Records drawn from a dataset
"""
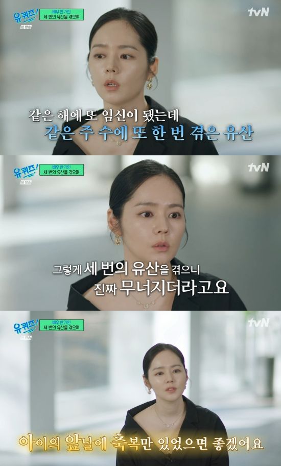 이날 한가인은 과거 한 해 동안 세 번의 유산을 경험했다고 밝혔다.
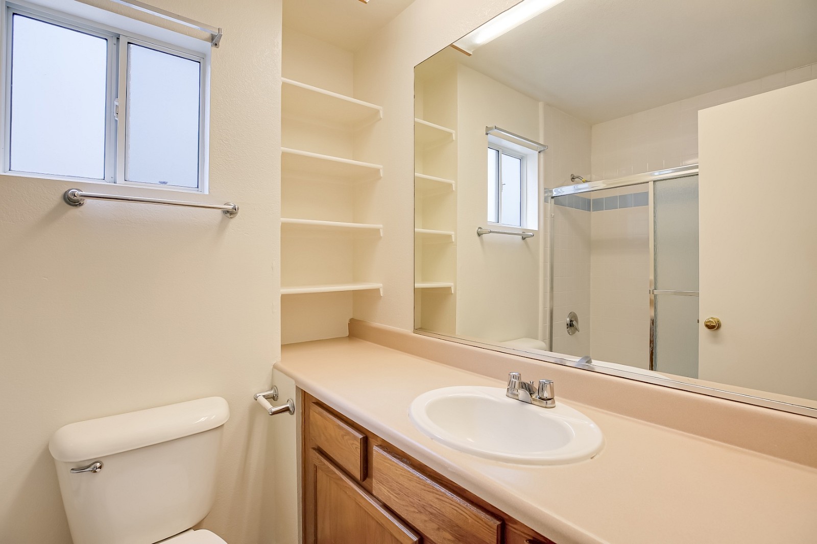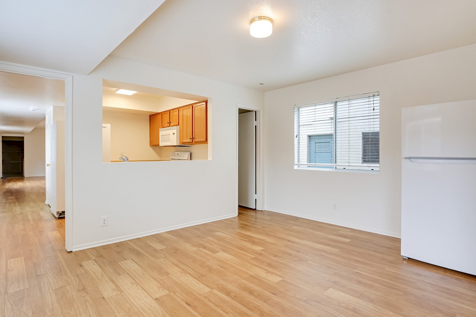 The living room is spacious, and the dining room is connected to the kitchen with a bar countertop, creating a great space for hangouts. The kitchen also has a pantry! Key for 9 residents all sharing a kitchen. It also features 2 refrigerators, a dishwasher, range, and a garbage disposal.
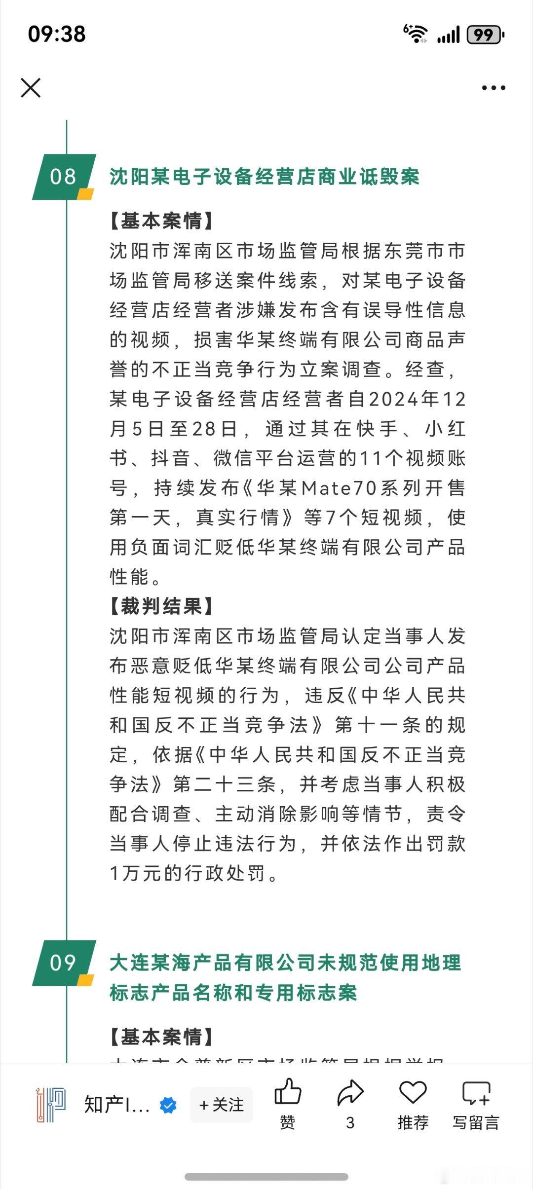 刚看到沈阳市场监督管理局的一个典型案例,对于之前的《华某xx70系列开售第一天,真实行情》《且看且珍惜吧,随时被华某投诉下架》等7条视频,使用暗示性、贬损性内容针对华某终端有限公司产品及商业形象进行不当评价,同时通过煽动负面情绪等方式误导消费者,作出判决。这种故意造谣抹黑的真的应该早给办了!华为近些年遇到这种造谣很多,只能说这次处理大快人心。希望后续的人引以为戒,造谣抹黑迟早会付出代价!
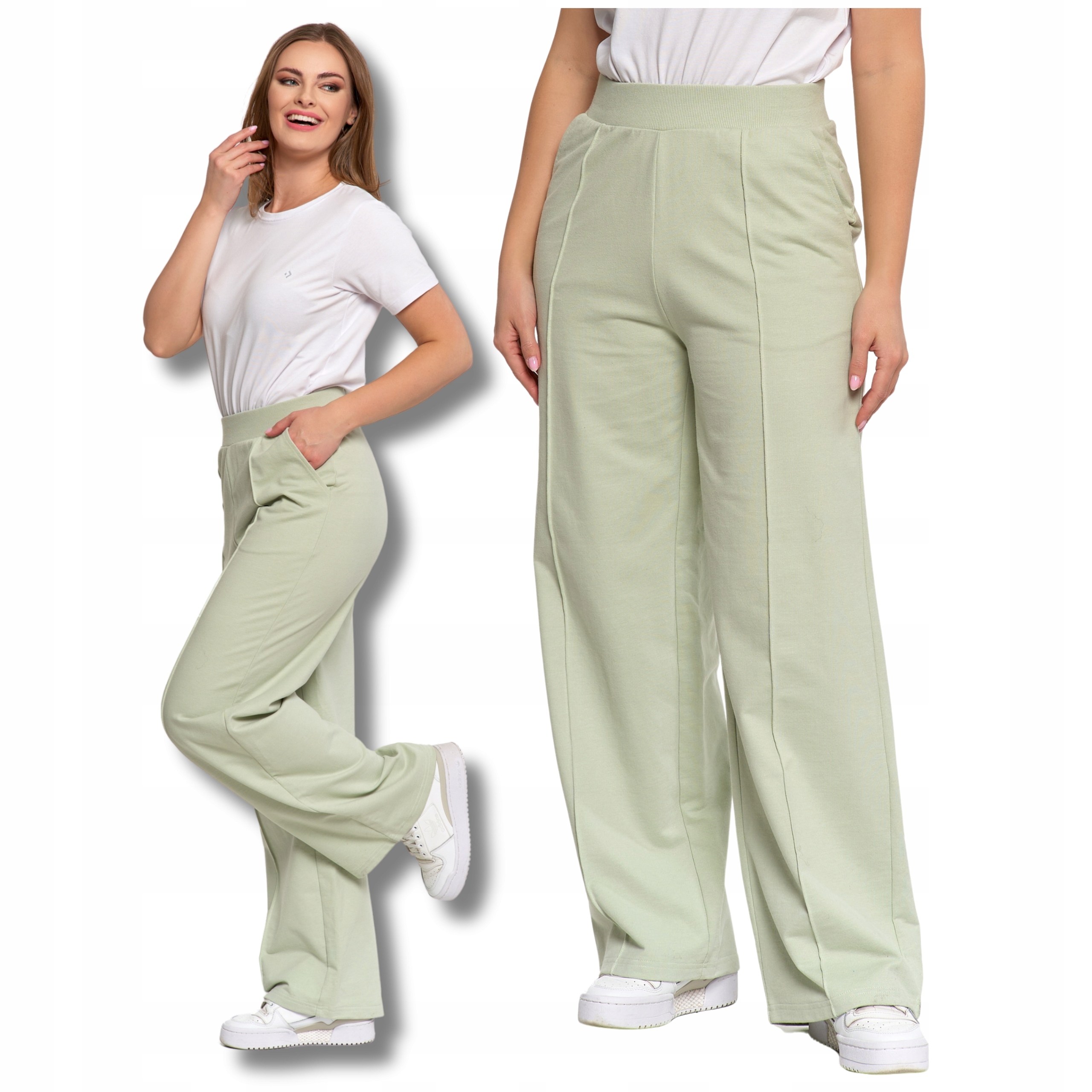 SPODNIE DAMSKIE Szerokie Nogawki Eleganckie Dresowe Wysoki Stan MORAJ
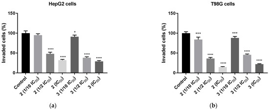 Anti-invasion effect of TZD–TSCs 2 and 3 against HepG2 and T98G cells, measured by ECM cell invasion assay (colorimetric); (a) HepG2 cells treated with 1/10 IC50, 1/2 IC50, IC50 concentrations of 2 and 3; (b) T98G cells treated with 1/10 IC50, 1/2 IC50, IC50 concentrations of 2 and 3. Results were statistically analyzed by ANOVA with post hoc Dunnett’s test. Statistical significance was designated as **** when p < 0.0001, *** when p < 0.001, and * when p < 0.05 (vs. control cells). For the IC50 values for 2 and 3 against HepG2 and T98G cells, see Table 2.
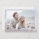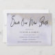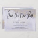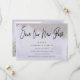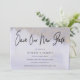 Un suave lavado de color azul / púrpura cubre ambos lados de esta elegante tarjeta Save Our New Date. El purpurina de oro decora la parte superior del frente y la parte inferior de la parte trasera. En la parte delantera, Save Our New Date se escribe en una gran fuente de escritura moderna y luego tus nuevos detalles de boda siguen en un elegante texto en serif. Tu foto favorita está en la parte de atrás. Sus nombres, fecha de boda y ubicación se encuentran a continuación.
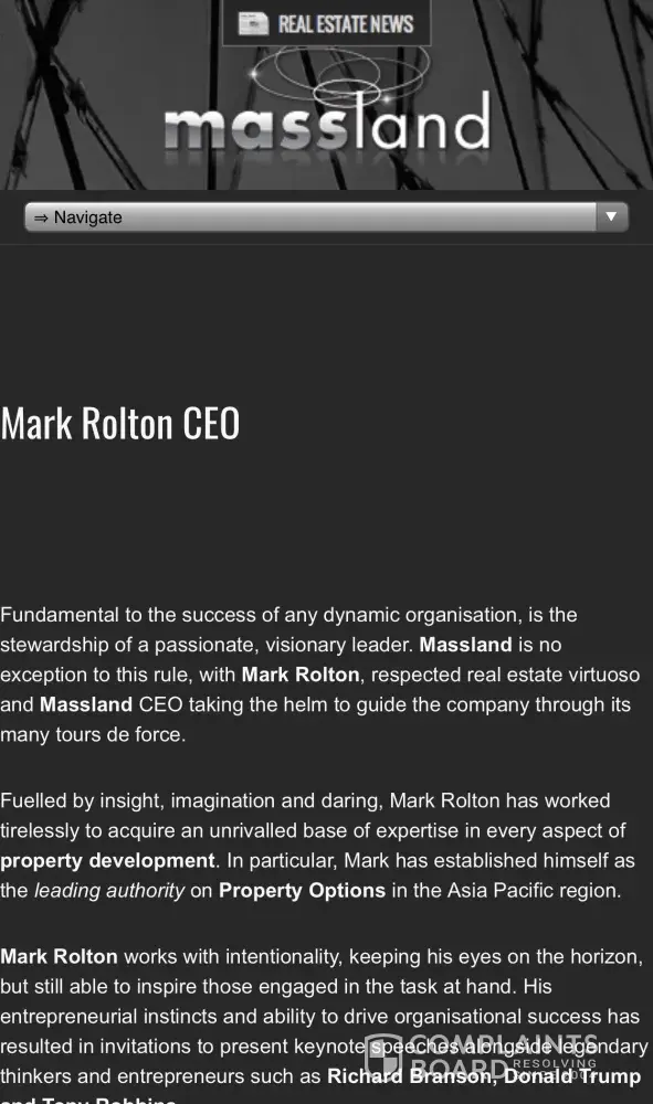 Mark Rolton’s Company is Massland.com.au Has No ASIC AFSL financial advisory dealers license - no real estate lincence, he also blatantly offers wealth advice - but disguises it as education- through books, useless rip off courses and webinars - like all the wealth gurus do. Fraudulent misrepresentation, false and misleading advertising, failing directors duties. Breaching [sic] corporates Act. Deceiving and lying to customers. Overpromising, false results statements, fake testimonials to lure customers. He tricks people to buy his dodgy, useless $5000 how to make millions course/ system that he promises will make you a property millionaire in one year or less - he makes his money from selling the expensive useless course/ system that he ripped off from the internet and he never delivers on his joint ventures.. front running customers to get better deals for himself.. the customers are left broke and disillusioned
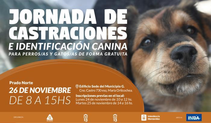 El próximo miércoles 26 de noviembre el Municipio G desarrollará una nueva jornada de castraciones gratuitas, que tendrá lugar en la sede central del tercer nivel de gobierno, sobre Cno. Castro 730 esquina María Orticochea. Se realizarán castraciones de perras/os y gatas/os, además de identificaciones caninas.
"""
Among the entries above, take the lines from the one with "The living room" through the one with "SPODNIE DAMSKIE Szerokie" and retype them exactly, leaving out the pictures.

=== YOUR SOLUTION ===
 The living room is spacious, and the dining room is connected to the kitchen with a bar countertop, creating a great space for hangouts. The kitchen also has a pantry! Key for 9 residents all sharing a kitchen. It also features 2 refrigerators, a dishwasher, range, and a garbage disposal.
 刚看到沈阳市场监督管理局的一个典型案例,对于之前的《华某xx70系列开售第一天,真实行情》《且看且珍惜吧,随时被华某投诉下架》等7条视频,使用暗示性、贬损性内容针对华某终端有限公司产品及商业形象进行不当评价,同时通过煽动负面情绪等方式误导消费者,作出判决。这种故意造谣抹黑的真的应该早给办了!华为近些年遇到这种造谣很多,只能说这次处理大快人心。希望后续的人引以为戒,造谣抹黑迟早会付出代价!
 SPODNIE DAMSKIE Szerokie Nogawki Eleganckie Dresowe Wysoki Stan MORAJ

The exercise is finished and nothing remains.